→ Given information:
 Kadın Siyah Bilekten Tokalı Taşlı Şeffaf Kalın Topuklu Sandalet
==
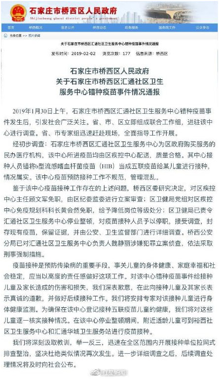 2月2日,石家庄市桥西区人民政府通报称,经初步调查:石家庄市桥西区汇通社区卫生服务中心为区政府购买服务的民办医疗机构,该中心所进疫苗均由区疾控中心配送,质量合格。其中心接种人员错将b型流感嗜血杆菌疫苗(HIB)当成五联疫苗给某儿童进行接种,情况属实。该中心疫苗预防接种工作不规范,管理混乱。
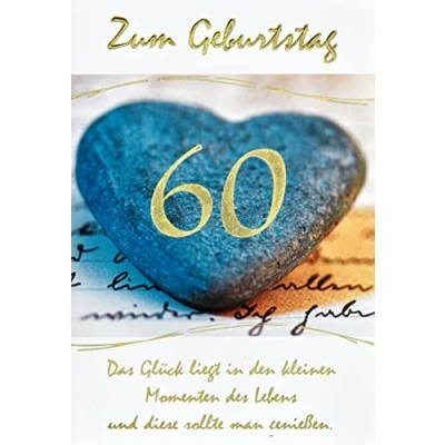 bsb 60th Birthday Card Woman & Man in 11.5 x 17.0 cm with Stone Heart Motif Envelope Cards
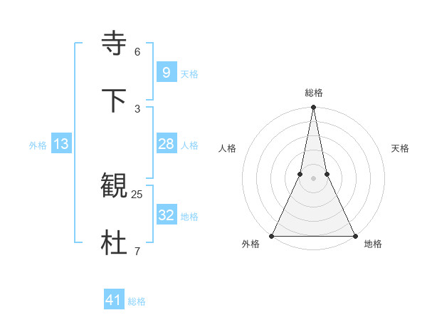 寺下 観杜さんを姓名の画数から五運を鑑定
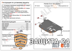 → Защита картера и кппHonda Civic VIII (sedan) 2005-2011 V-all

→ Problem to solve:
Your task is to copy only the lines above starting at the one containing "寺下 観杜さんを姓名の画数から五運を鑑定" and ending at the one containing "(sedan) 2005-2011 V-all". Copy them exactly, both ends included, and omit the pictures.

→ Task answer:
 寺下 観杜さんを姓名の画数から五運を鑑定
 → Защита картера и кппHonda Civic VIII (sedan) 2005-2011 V-all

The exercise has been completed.